And reiterating the previous point, if someone wrote down a program that looks like it obviously doesn't halt, but secretly it does because of an adversarial trick, then I would very strongly expect that someone could point out my mistake to me and I would conclude that it is no longer obvious whether it halts. Counterexamples to this kind of optimism would be way more impactful.

But in that case we just apply verification vs generation again. It's extremely hard to tell if code has a security problem, but in practice it's quite easy to verify a correct claim that code has a security problem. And that's what's relevant to AI delegation, since in fact we will be using AI systems to help oversee in this way.

 

I know you said that you're not going to respond but in case you feel like giving a clarification I'd like to point out that I'm confused here.

Yes it usually easy to verify that a specific problem exists if the exact problem is pointed out to you[1].

But it's much harder to verify claim that there are no problems, this code is doing exactly what you want.

And AFAIK staying in a loop:

1) AI tells us "here's a specific problem"

2) We fix the problem then 

3) Go back to step 1)

Doesn't help with anything? We want to be in a state where AI says "This is doing exactly what you want" and we have reasons to trust that (and that is hard to verify).

EDIT to add: I think I didn't make it clear enough what clarification I'm asking for. 

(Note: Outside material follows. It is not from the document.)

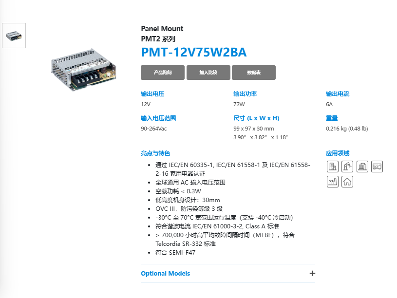 輸入電壓范圍 90-264 VAC 90-132 VAC, 180-264 VAC
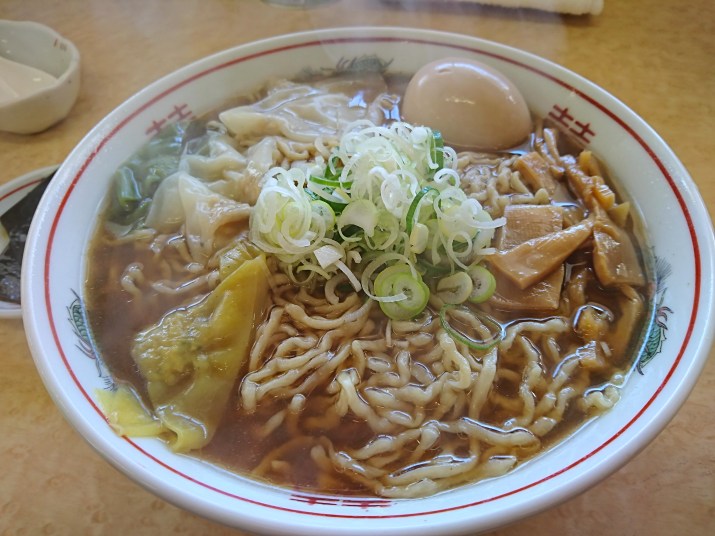 朝昼兼用で、青鬼のワンタン麺。

  • Do you think it's possible to use AI which will point out problems (but which we can't trust when it says everything is ok) to "win"? It would be very interesting if you did and I'd love to learn more.
  • Do you think that we could trust AI when it says that everything is ok? Again that'd be very interesting.
  • Did I miss something? I'm curious to learn what but that's just me being wrong (but that's not new path to win interesting).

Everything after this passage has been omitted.